It also made the system easier to reason about operationally. When one class of storage pressure rose, we could see where it was happening. But it did not solve the root problem. All we had really done was give an LSM engine a cleaner battlefield. We had not changed the fact that we were still asking it to do the wrong job. We also spent time tuning:

write batch sizes
flush intervals
compaction-related knobs
worker parallelism
backlog control
queue capacities

Again, those changes mattered. They made the system less fragile and increased the ceiling somewhat. But they still left us fighting the same structural issue:

the storage engine was doing too much work relative to what our application semantics required. Once we stopped thinking in terms of "which database should we use?" and started thinking in terms of "what does this layer actually have to do?", the answer became much clearer. The product snapshot layer did not need to be a database in the broad sense. It needed to be a fast, durable-enough, point-oriented state cache with epoch reset semantics. That is a much smaller thing. The real question became:

If our writes are naturally sequential, and our reads are point lookups, why are we forcing the storage engine to constantly reshape data into sorted structures and compact it?

Once framed that way, the architecture for seqs became obvious.

What `seqs` Is

seqs stands for Sequential Store.

The name is intentionally plain because the idea is plain:

write large amounts of data sequentially
keep a small index for point reads
avoid doing any work we do not absolutely need

seqs is not meant to be a general-purpose embedded database.

It is a deliberately narrow storage component built around our exact hot path. At a conceptual level, it has three parts:

an append-oriented value log
a compact key-to-location index
a small amount of checkpointing metadata for restart and recovery

That is the essence of it. The pipeline already receives data in a way that wants to be written sequentially. The expensive part is not discovering some arbitrarily located page to update in place. The expensive part is absorbing a firehose of records and getting them durably into a current-state representation fast enough. That strongly favours:

append-oriented storage
large sequential writes
minimal mutation in the storage layer

When a record is needed later, we do not ask:

"give me the next thousand keys"
"scan a range"
"order by this field"

We ask:

"give me the latest record for this key"

That is a hash index problem, not a B-tree problem and not an LSM compaction problem. One of the biggest advantages of a narrow store is that reset stops being a delicate operation. In a general-purpose engine, resets are often really a kind of managed mutation:

drop this
preserve that
compact around the change
clean up background state

In our case, weekly reset is conceptually closer to:

stop
discard
start fresh

That becomes much easier when the store layout matches the epoch model. What seqs Is Not, this matters as much as what it is.

seqs is not:

a transactional database
an analytics store
a query engine
a long-term history store
a multi-index document store
a system designed to answer arbitrary future questions

That is deliberate. Many custom storage projects go wrong because they start as "one narrow thing" and gradually absorb features until they become a weaker version of an existing database. We do not want that. The strength of seqs depends on saying no to almost everything.

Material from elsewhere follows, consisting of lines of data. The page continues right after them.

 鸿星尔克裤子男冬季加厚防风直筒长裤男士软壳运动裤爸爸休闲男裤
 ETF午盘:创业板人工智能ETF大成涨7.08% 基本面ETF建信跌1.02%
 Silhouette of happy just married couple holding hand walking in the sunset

Without describing exact file formats or algorithms, the design follows a few simple principles.

1. Treat the latest value as the only value that matters

Within a given epoch, old versions of a record are only useful insofar as they help us recover the latest value after a crash. They do not need to remain part of the active query model. That removes a large class of complexity.

2. Keep writes sequential

The write path should look as much like "append to a log" as possible. That means:

fewer small random writes
less page churn
simpler durability reasoning
better fit for the actual storage hardware

3. Keep the random-read structure small

The random-read structure should be tiny relative to the value volume. The index should answer one question efficiently:

where is the latest payload for this key?

Nothing more.

4. Separate durability bookkeeping from query behavior

Recovery and query do not have to be the same thing. A checkpoint can exist to make restart cheap without forcing the active write path to behave like a general-purpose page database.

5. Let the epoch boundary do real work

The weekly epoch boundary is not just a logical concept. It is an opportunity to simplify the storage engine:

clean reset
bounded lifetime
bounded recovery horizon
fewer forever-growing structures

That is one of the most important reasons a narrow custom design is viable here.

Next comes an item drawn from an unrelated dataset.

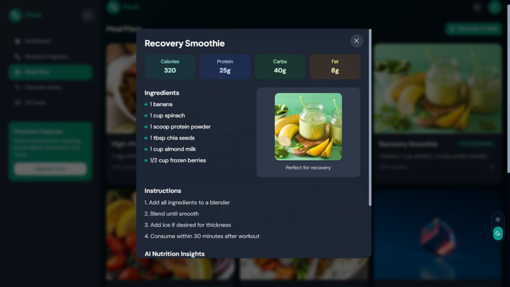 - Inline meal & workout suggestions

Why We Did Not Want More "Intermediate Steps". There is a perfectly reasonable conservative roadmap for problems like this:

tune the current engine more
try a different engine in the same family
add another abstraction layer
maybe separate blobs from indexes
maybe do another benchmarking round

That kind of incrementalism is often correct. It was not correct for us. We had already learned enough from operating the current system:

where the throughput collapsed
what the scaling limits looked like
how much compaction and amplification cost us
how much operational complexity we were taking on just to keep the database alive

At some point the question stops being "can we squeeze more out of this?" and becomes "are we solving the wrong storage problem?". We believed the answer was yes.

So instead of spending more time finding the least bad general-purpose solution, we chose to build the right narrow one.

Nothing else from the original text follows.